She’d never wanted to fight for them.
I’ve got to get
out of here.
Though it went against the grain—mostly because she was pretty certain it
wouldn’t work, and you weren’t supposed to cast magic willy nilly—she pictured
her home, mixed magic from earth and fire, and begged the Old Ones to see her
delivered safely. Once she set the spell in motion, there’d be no going back.
If she didn’t end up where she’d planned, she’d be taken to task, maybe even
stripped of her powers, depending on how pissed off the Lemurians were.
Aislinn
didn’t have any illusions left. It had been three years since her world
crumbled. Two since her mother died. She’d wasted months railing against God,
or the fates, or whoever was responsible for robbing her of her boyfriend and
her parents and her life, goddammit.
Then
the Old Ones—Lemurians, she corrected herself—had slapped reason into her,
forcing her to see the magic that kept her alive as a resource, not a curse. In
the intervening time, she’d not only come to terms with that magic, but it had
become a part of her. The only part she truly trusted. Without the magic that
enhanced her senses, she’d be dead within hours.
Please… It was a
struggle not to clasp her hands together in an almost forgotten gesture of
supplication. Juggling an image of her home while maintaining enough light to
hold the Bal’ta at bay, Aislinn waited. Nothing happened. She was supposed to
vanish, her molecules transported by proxy to where she wished to go. This was
way more than the normal journey—or jump—spell, though. Because she needed to
go much farther.
She
poured more energy into the teleportation spell. The light around her
flickered. Bal’ta dashed forward, jaws open, saliva dripping. She smelled the
rotten crypt smell of them and cringed. If they got hold of her, they’d feed
off her until she was nothing but an empty husk. Or worse, if one took a shine
to her, she’d be raped in the bargain and forced to carry a mixed breed child.
Of course, they’d kill her as soon as the thing was weaned. Maybe the brat,
too, if its magic wasn’t strong enough.
The
most powerful of the enemy were actually blends of light and dark magic. When
the abominations, six dark masters, had slithered out of holes between the
worlds during a globally synchronized surge linked to the Harmonic Convergence,
the first thing they’d done had been to capture several human women and perform
unspeakable experiments on progeny resulting from purloined eggs and alien
sperm.
Aislinn
sucked in a shaky breath. She did not
want to be captured. Suicide was a far better alternative. She licked at the
fake cap in the back of her mouth. It didn’t budge. She shoved a filthy finger
behind her front teeth and used an equally disgusting fingernail to pop the
cap. She gripped the tiny capsule. Should she swallow it? Could she? Sweat
beaded and trickled down her forehead, despite the chill afternoon air.
She’d
just dropped the pill onto her tongue, trying to gin up enough saliva to make
it go down, when the weightlessness associated with teleportation started in
her feet like it always did. Gagging, she spat out the capsule and extended a
hand to catch it. She missed. It fell into the dirt. Aislinn knew better than
to scrabble for the poison pill. If she survived, she could get another from
the Old Ones. They didn’t care how many humans died, despite pretending to
befriend those with magic.
Her
spell was shaky enough as it was. It needed more energy—lots more. Forgetting
about the light spell, Aislinn put everything she had into escape. By the time
she knew she was going to make it—apparently the Bal’ta didn’t know they could
take advantage of her vulnerability as she shimmered half in and half out of
teleport mode—she was almost too tired to care.
She
fell through star-spotted darkness for a long time. It could have been several
lifetimes. These teleportation jaunts were different than her simple Point A to
Point B jumps. When she’d traveled this way before, she’d asked how long it
took, but the Old Ones never answered. Everyone she’d ever loved was dead—and
the Old Ones lived forever—so she didn’t have a reliable way to measure time.
For all she knew, Travis might have lived through years of teleportation jumps.

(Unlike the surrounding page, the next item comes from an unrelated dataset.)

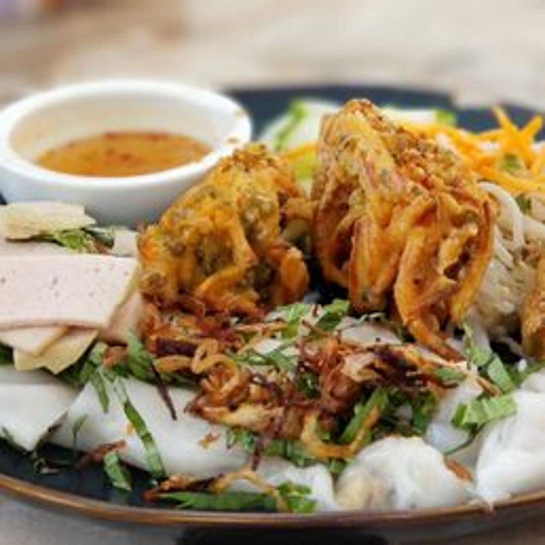 Delicate and translucent steamed rice noodle rolls, thinly made and elegantly folded, typically filled with seasoned ground pork and wood ear mushrooms. These soft, silky rolls are traditionally served with crispy fried shallots, fresh herbs, Vietnamese pork sausage (chả lụa), and a light, savory nuoc cham dipping sauce, offering a comforting and authentic experience.

No one ever talked about anything personal. It was like an unwritten law. No
going back. No one had a past. At least, not one they were willing to talk
about.Voices eddied around her, speaking the Lemurian tongue with its clicks
and clacks. She tried to talk with them, but they ignored her. On shorter,
simpler journeys, her body stayed with her. She’d never known how her body
caught up to her when she teletransported and was nothing but spirit. Astral
energy suspended between time and space.
A
disquieting thump rattled her bones. Bones.
I have bones again… That must mean… Barely conscious of the walls of her
home rising around her, Aislinn felt the fibers of her grandmother’s Oriental
rug against her face. She smelled cinnamon and lilac. Relief surged through
her. Against hope and reason, the Old Ones had seen her home. Maybe they cared
more than she thought—at least about her. Aislinn tried to pull herself across
the carpet to the corner shrine so she could thank them properly, but her head
spun. Darkness took her before she could do anything else.
* * * *
Not
quite sure what woke her, Aislinn opened her eyes. Pale light filtered in
through rough cutouts high in the walls. Daytime. She’d been lucky to find this
abandoned silver mine with shafts that ran up to ground level. It would have
drained her to constantly have a mage light burning.
Is it tomorrow?
Or one of the days after that? Aislinn’s head pounded. Her mouth
tasted like the backside of a sewer. It was the aftereffect of having
thoroughly drained her magic, but she was alive, goddammit. Alive. Memory
flooded her. She’d been within a hairsbreadth of taking her own life. Her
stomach clenched, and she rolled onto her side, racked by dry heaves. Had she
swallowed any of the poison by accident?
A
bitter laugh made her cracked lips ache. Of course she hadn’t. It didn’t take
much cyanide to kill you. Just biting into the capsule without swallowing would
have done it. She struggled to a sitting position. Pain lanced through her
head, but she forced herself to keep her eyes open.
The
world stabilized. She lurched to her feet, filled a chipped mug with water that
ran perpetually down one wall of her cave, doubling as faucet and shower, and
warmed it with magic. Rummaging through small metal bins, she dropped mint and
anise into the water. Then a dollop of honey, obtained at great personal risk
from a nearby hive. When she looked at the mug, it was empty. Her eyes widened
in a face so tired that any movement was torture, and she wondered if she’d
hallucinated making tea. Since she didn’t remember drinking the mixture, she
made another cup for good measure.
Liquid
on board, she started feeling halfway human. Or whatever she was these days. As
she moved around her cozy hobbit hole of a home, her gaze stole over beloved
books, a few odds and ends of china, and her grandmother’s rug—all that was
left of her old life. By the time she had developed enough magic to transport
both herself and things short distances, most of the items from the ruins of
her parents’ home had been either pilfered by someone else or destroyed by the
elements. She’d come by her few other possessions digging through the rubble of
what was left of civilization.
Aislinn
sighed heavily. It made her chest hurt, and she wondered if the Bal’ta had
injured her before she’d made good on her escape. She shucked her clothes—tight
brown leather pants, a plaid flannel shirt, and a torn black leather jacket—and
took stock of her body. It looked pretty much the same. The long, white scar
from under one breast catty corner to a hipbone was still there. Yeah, right. What could have happened to it?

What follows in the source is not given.